Passwords: Two 50-characters vs one 100-characters

Question

In this Information Security question, we discuss whether or not a $100$ character secret randomly-generated username is equivalent to a $50$ character secret randomly-generated username plus a $50$ character secret randomly-generated password.

This answer [now deleted] claims that there is a mathematical difference.

It claims:

If we assume that the user id can be kept private and is choosen randomly, it would allow for more combinations. If we make an example with a base of $62$ possible characters to choose from $(a..z, A..Z, 0-1)$, we get:

$62^{100} = 10^{179}$ combinations [versus] $62^{50} + 62^{50} = 80^{89}$ combinations

Is this correct?

It seems erroneous to me; requiring two $50$ character items would be the same number of combinations as requiring one $100$ character item. If I'm mistaken, can you help me understand my error?

Answer 1

You are correct, they are equivalent. The answer you quote adds $62^{50}$ and $62^{50}$ instead of multiplying these numbers together.

One hundred characters is one hundred characters. If it helps, think about what happens with smaller number of characters. (Take an extreme example, like only allowing the letters "a", "b", and "c" in the username and password, and comparing the number of one character usernames with one character passwords to the number of two character usernames.)

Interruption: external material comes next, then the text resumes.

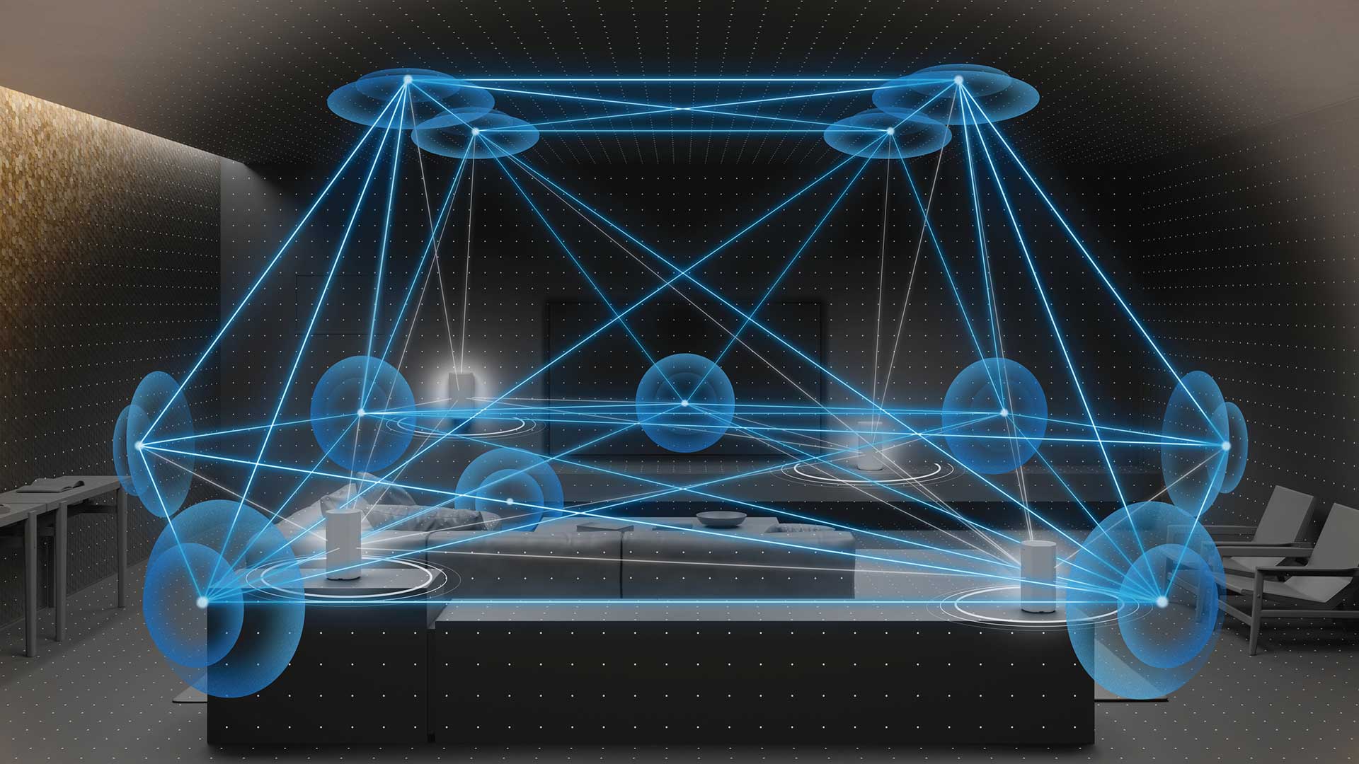 Die vier Lautsrecher des Sony HT-A9 sollen durch ihre innovative 360-Grad-Spatial-Sound-Technologie den Raum so nutzen können, dass durch Abprallen des Schalls der Eindruck eines 12-Lautsprecher-Systems entsteht.

How would you write down a hundred character username? You'd write down a hundred characters. How would you write down a fifty character username together with a fifty character password? You'd write down a hundred characters. If you came accross a hundred characters somewhere, how would you know which process was used to create the string? You can translate any string of one hundred characters into either a username/password pair, or into just a username, and this translation is a bijection in each case.

Answer 2

Is this correct?

No. This is wrong: $62^{50} + 62^{50}$

There are $62^{50}$ possible user names, and for each one, there are $62^{50}$ possible passwords. Therefore, all together, there are $62^{50} \cdot 62^{50} = 62^{100}$ combinations.

Answer 3

The answer that you are referring to is incorrect, the total number of combinations will be $62^{50}\cdot 62^{50}=62^{100}$

Answer 4

It depends on how they're verified.

If you provide both username and password, and the computer tells you "yes" or "no", then there are $62^{100}$ possible combinations: each of the $62^{50}$ possible usernames can be paired with each of the $62^{50}$ possible passwords to get $62^{50} * 62^{50} = 62^{100}$ possible username/password combinations.

If, on the other hand, you can independently check the username and password (for example, if the computer checks the username before checking the password), $62^{50} + 62^{50}$ is correct. You need $62^{50}$ guesses to figure out a valid username, and then $62^{50}$ more guesses to figure out the password.

Answer 5

In the context of services which allow online registration (the vast majority of existing websites), there is indeed a difference. It's trivial to check the validity of the username alone by simply trying to register a new user with that name. For valid usernames, the site will have no option but to report that the name is already taken.

In case of a brute-force attack (trying every possible combination) guessing a valid username then a valid passowrd leads to the $62^{50} + 62^{50}$ result cited in the answer.